Phantasie und Philosophie: „Bookpink – Dramatisches Kompendium“ von Caren Jeß

IM DRAMATISCHEN RAUM.  Die „stücke“ in Mülheim, ein rot notiertes Datum im Kalender für Schauspielfreunde, versammeln jedes Jahr im Frühling an der Ruhr die wichtigsten „stücke“, die im letzten Jahr uraufgeführt worden sind, um den „Dramatiker (oder die Dramatikerin) des Jahres“ zu wählen. Es soll dezidiert um StückeschreiberInnen und ihre Stücke gehen, nicht im Inszenierungen und Regisseure (wie beim Berliner Theatertreffen).

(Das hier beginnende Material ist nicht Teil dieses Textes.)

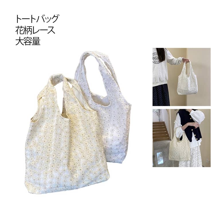 ■甘くてレトロな花柄レース A4対応大容量 レディーストートバッグ 収納力抜群、レディーストートバッグが新入荷 手提げと肩掛け両方でき、程よい長さのベルト サイズ的にはA4対応可能、テキストブック?ファイル?雑誌なども気軽に収納 ベルトの設計は幅広めで、肩への食い込みが軽減 あらゆるコーデに馴染みやすいカジュアルなデザイン エレガントな花柄レースが贅沢に使われ、さりげなく女度まし 清潔感のホワイト&優しいベージュの2色を用意 通勤?旅行?デート?ショッピングなど、幅広い場合で活躍できます

Ein Schwachpunkt des Wettbewerbs, der unter der Leitung von  Stephanie Steinberg in den letzten Jahren immer mehr Ausstrahlung verloren hat, war und ist, dass das Publikum die Stücke nicht liest, sondern Inszenierungen sieht. Regisseure stellten sich zwischen AutorIn und Zuschauer – und verfälsch(t)en häufig den Eindruck. (Wenn ich an eine Handke-Aufführung [Untertagblues. Ein Stationendrama, 2005 in MH] denke, ärgere ich mich noch heute).

Die Jury hat ihre Arbeit getan, acht Stücke (aus über 110) ausgewählt, aber sie können nicht aufgeführt werden – Corona! Warum das nicht als Chance begreifen?! Jede(r) kann die Stücke lesen (bleibt zu Hause, verschmutzt keine Umwelt) und sich ein Urteil bilden, unverfälscht von Regisseursinterpretationen. Der Nachteil, dass man die Bühnentauglichkeit des Stücks schwer einschätzen kann, wird mehr als aufgewogen durch den Vorteil, dass blasse Regisseure mit ihrer unmaßgeblichen Meinung die Stücke kontaminieren.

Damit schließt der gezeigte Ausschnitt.